DWH_CLUSTER_IDENTIFIER = config.get('DWH', 'DWH_CLUSTER_IDENTIFIER')
DWH_DB = config.get('DWH', 'DWH_DB')
DWH_DB_USER = config.get('DWH', 'DWH_DB_USER')
DWH_DB_PASSWORD = config.get('DWH', 'DWH_DB_PASSWORD')
DWH_PORT = config.get('DWH', 'DWH_PORT')

In [None]:
# show the loaded parameters
# uncomment the code below to show your credentials

# pd.DataFrame({
#     "Param": ['KEY', 'SECRET', 'REGION', 'IAM_ROLE_NAME', 'DWH_CLUSTER_TYPE', 'DWH_NUM_NODES', 'DWH_NODE_TYPE', 'DWH_CLUSTER_IDENTIFIER', 'DWH_DB', 'DWH_DB_USER', 'DWH_DB_PASSWORD', 'DWH_PORT'],
#     "Value": [KEY, SECRET, REGION, IAM_ROLE_NAME, DWH_CLUSTER_TYPE, DWH_NUM_NODES, DWH_NODE_TYPE, DWH_CLUSTER_IDENTIFIER, DWH_DB, DWH_DB_USER, DWH_DB_PASSWORD, DWH_PORT]
# })


## 2. IAM

### 2.1 Creating a client for IAM
Creating a python client to access AWS IAM from the user specified in the `dwg.cfg` configuration file.

In [None]:
iam = boto3.client('iam',
                   region_name=REGION,
                   aws_access_key_id=KEY,
                   aws_secret_access_key=SECRET)

### 2.2 IAM Role
#### 2.2.1 *Create an IAM Role*
This makes Redshift able to access the S3 bucket (_ReadOnly_).

In [None]:
try:
    print("Creating a new IAM Role") 
    
    dwh_role = iam.create_role(
                    Path='/',
                    # name given in my configuration file
                    RoleName=IAM_ROLE_NAME,
                    Description = "Allows Redshift clusters to call AWS services on your behalf.",
                    AssumeRolePolicyDocument = json.dumps({
                        'Statement': [{
                            'Action': 'sts:AssumeRole',
                            'Effect': 'Allow',
                            'Principal': {'Service': 'redshift.amazonaws.com'}
                        }],
                        'Version': '2012-10-17'
                    })
                )    
except Exception as e:
    print(e)

To check this created _role_:
- Go to _IAM_ dashboard on AWS.
- In the navigation panel, choose **Rules**
- You will see the _created role_ in the list of Roles

Click on this _role_ to see its properties. <br/>
Note that **there is no policy assigned to this role yet**. That's exactly what we're going to do now.

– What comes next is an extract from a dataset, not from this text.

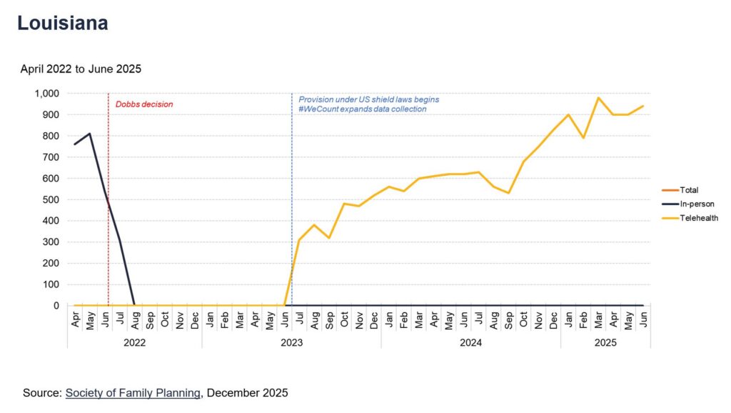 Perhaps one of the most egregious examples of the fallout from this can be found in Louisiana. Local outlet WWNO compiled recent data to show that the Pelican State, despite prohibiting abortions outside of narrow exceptions post-Dobbs, has seen more mail-order abortions in 2024 (7,510) than the total clinic-provided abortions in 2020 (7,473) and 2021 (7,444). And in 2025, the data from the #WeCount report shows that there are nearly 1,000 mail-order abortions per month.

To _**delete**_ this role, select it in the list and delete it!

#### 2.2.2 *Assigning _policies_ to an IAM Role*
We will assign a policy to our role that allows Redshift to:
    - `AmazonS3ReadOnlyAccess`: access S3 buckets (ReadOnly).
    - `AmazonRedshiftQueryEditor`: access Redshift Query Editor.
      - Required to use the _Query Editor_ on AWS and the _SQL Workbench_ tool.

In [None]:
print("Attaching Policy: AmazonS3ReadOnlyAccess")
iam.attach_role_policy(
            RoleName=IAM_ROLE_NAME,
            PolicyArn="arn:aws:iam::aws:policy/AmazonS3ReadOnlyAccess"
)['ResponseMetadata']['HTTPStatusCode']

The return `200` means that worked!

In [None]:
print("Attaching Policy: AmazonS3ReadOnlyAccess")
iam.attach_role_policy(
            RoleName=IAM_ROLE_NAME,
            PolicyArn="arn:aws:iam::aws:policy/AmazonRedshiftQueryEditor"
)['ResponseMetadata']['HTTPStatusCode']

Go again in the properties of the role in AWS to verify that the policies created were correctly assigned to it!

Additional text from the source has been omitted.